John Traynor was a Royal Marine severely wounded during the First World War. He lived as an invalid until 1923, when he joined with fellow Catholics from the Liverpool area and journeyed to the Catholic shrines at Lourdes.
Biography
Traynor was born in Liverpool; his mother was a migrant from Ireland. He attended St. Patrick's Primary School, leaving school to become a sailor in the merchant marine. In 1907 he became a stoker in the Royal Navy Reserve joining the regular Navy at the start of World War I. He was wounded near Bruges on 8 October 1914, but recovered.

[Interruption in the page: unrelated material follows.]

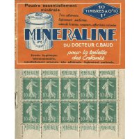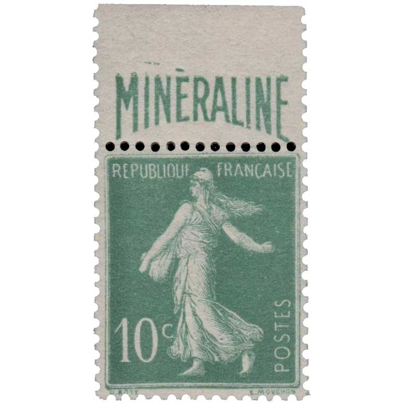 | Commentaire | Semeuse camée chiffres maigres (Minéraline). Voir la vidéo "Histoires de timbres" En savoir plus sur Wikipédia : semeuse camée Émis en juin 1926 et retiré en décembre 1926, ce timbre de 10 centimes appartient à la série des Semeuses fond plein de Louis-Oscar Roty, ici complétée d’une bande publicitaire en marge, caractéristique des tirages promotionnels de l’époque. Gravé par Louis-Eugène Mouchon, il est imprimé en typographie, dentelé 14 × 13½ et présenté au format classique des semeuses (20 × 24 mm). La couleur vert correspond au tarif courant pour les imprimés et petites correspondances. Ces émissions avec bande publicitaire étaient produites en feuilles de 100, chaque bande portant une annonce commerciale destinée aux marges inférieures. |
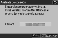 Siga las instrucciones en pantalla para establecer una conexión e iniciar Wireless Transmitter Utility. Wireless Transmitter Utility emparejará automáticamente la cámara con el ordenador.

He was hit by machine gun fire on 8 May 1915 while participating in a bayonet charge in the Gallipoli Campaign, losing the use of his right arm and beginning to suffer from epilepsy, and was discharged with an 80% pension. In April 1920, a surgeon in Liverpool attempted to cure the epilepsy by trepanning, an operation that was reported to have resulted in the partial paralysis of both legs. In 1923 he traveled to Lourdes with a group of pilgrims from Liverpool, dipping in the baths nine times. While there he is said to have been cured. In his book, Battlefield Tourism: Pilgrimage and the Commemoration of the Great War in Britain, Australia and Canada, 1919–1939,David William Lloyd discusses Traynor as part of an interwar phenomenon of mass pilgrimage, with large numbers of British ex-servicemen making pilgrimages both to the replica of Lourdes at the Carfin Grotto and to Lourdes itself. Upon his return to Liverpool, a crowd had assembled at Lime Street station to greet his arrival. John started a coal delivery business and returned to Lourdes as a stretcher bearer. He was one of the pre-war Presidents of the Liverpool Brancardiers Association. Despite this story, he is not listed amongst the verified Lourdes cures. The British Army refused to consider withdrawing his invalidity pensions awarded to him after he was originally wounded. Believers in Lourdes have identified John Traynor as the closest a British or Irish invalid has ever gotten to being officially pronounced a Lourdes miracle. In the context of Catholicism in Victorian England, various believers had identified him as the first British Catholic to be cured at Lourdes. According to Patrick Marnham, "Wherever two or three British pilgrims are gathered together the story of John Traynor will sooner or later be told." In his lighthearted 2009 book, Detour De France: An Englishman in Search of a Continental Education, actor Michael Simkins visits Lourdes, describing Traynor as the "most famous" English pilgrim to claim a cure at the shrine.